New York Post

RATE HOPES RISE

Job growth slows

- By ARIEL ZILBER With Wires

The rate of job growth moderated in June while May figures were revised downward — a trend that Wall Street analysts view as a positive sign that the Federal Reserve will slash interest rates later this year.

Nonfarm payrolls rose by 206,000 jobs in June — ahead of the 190,000 jobs economists expected but below the growth rate seen in previous months this year, the Labor Department said on Friday.

The feds also revised May jobs figures from the reported 272,000 jobs down to 218,000. For April, the government also revised the job figures downward — from the initial 165,000 to 108,000.

The signs of a weakening job market boosted investors’ hopes for rate cuts, although stocks were little changed in early trading.

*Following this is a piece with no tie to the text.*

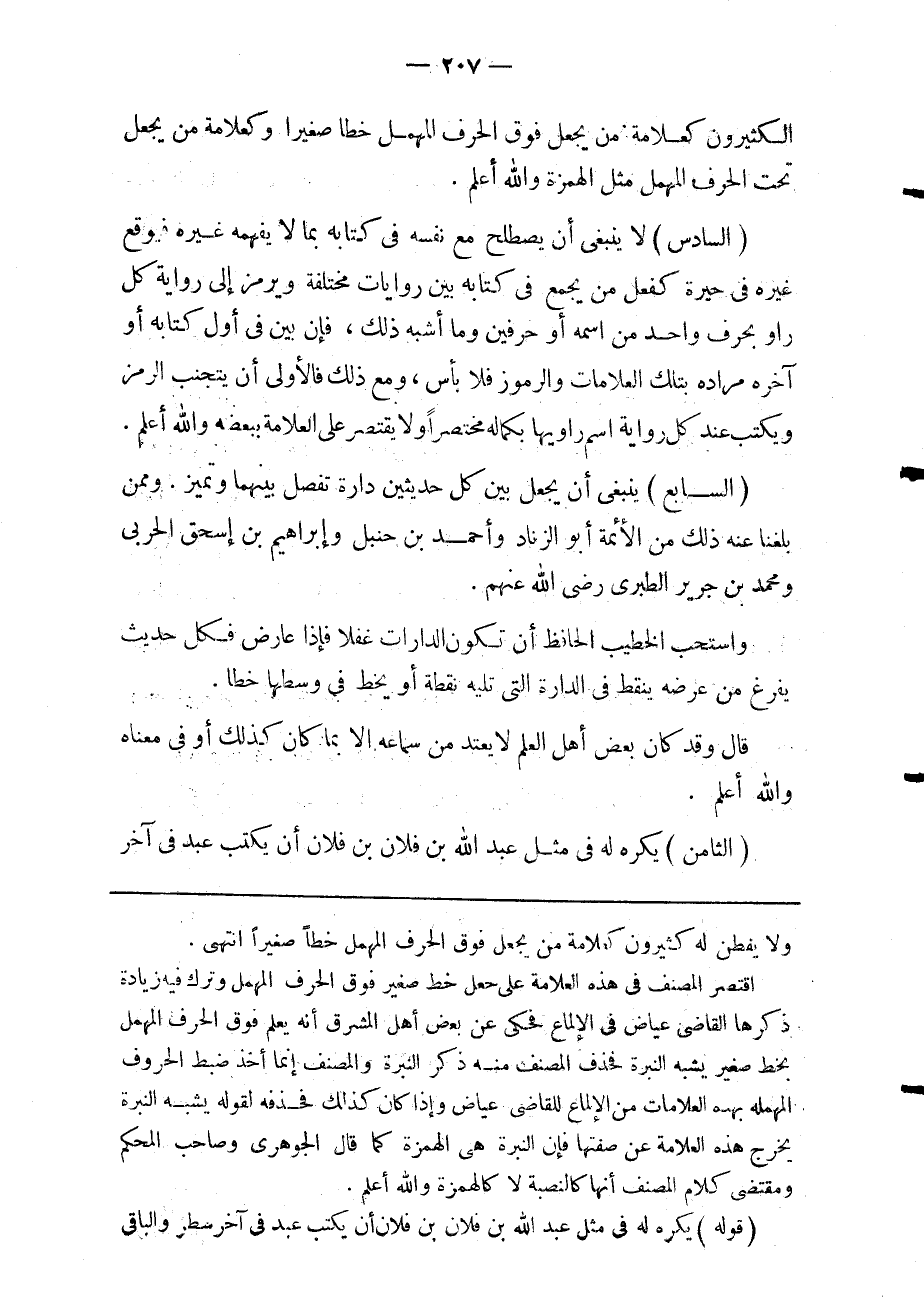 السادس: لا ينبغي أن يصطلح مع نفسه في كتابه بما لا يفهمه غيره فيوقع غيره في حيرة كفعل من يجمع في كتابه بين روايات مختلفة ويرمز إلى رواية كل راو بحرف واحد من اسمه أو حرفين وما أشبه ذلك. فإن بين في أول كتابه أو آخره مراده بتلك العلامات والرموز فلا بأس. ومع ذلك فإلاولى أن يتجنب الرمز ويكتب عند كل رواية اسم راويها بكماله مختصرا ولا يقتصر على العلامة ببعضه والله أعلم.

The unemployme­nt rate ticked up to 4.1%, slightly ahead of economists’ prediction­s for a 4% increase.

Neil Dutta, an analyst at Renaissanc­e Macro Research, urged the Fed to “get on with” slashing interest rates.

“Today’s employment report ought to firm up expectatio­ns of a September rate cut,” Dutta told Bloomberg News. “Economic conditions are cooling and that makes the trade-offs different for the Fed.”

Investors have been hoping for news that would encourage the Federal Reserve to slash interest rates in its drive to fully tame inflation.

From the Fed’s perspectiv­e, a decelerati­on in hiring to a still-decent pace would be just about ideal.

It would suggest that the job market is slowing enough to ease pressure on employers to sharply raise pay, which could feed inflation, yet not so much as to cause waves of layoffs.

That said, economists have been repeatedly predicting that the job market would lose momentum in the face of high interest rates engineered by the Fed, only to see the hiring gains show unexpected strength.

“The labor market has really proven the doubters wrong,’’ said Andrew Flowers, chief economist at Appcast, which uses technology to help companies recruit workers.

Signs of slowdown

Still, Flowers suggested, the much higher borrowing costs caused by the Fed’s rate hikes will eventually weaken the job market.

“Eventually,” he said, “it’s going to bend, but not break. The slow bite of high interest rates is going to moderate job growth.’’

Already, there are signs of an economic slowdown. The US gross domestic product — the total output of goods and services — grew at a lethargic annual pace of 1.4% from January through March, the slowest quarterly pace in nearly two years.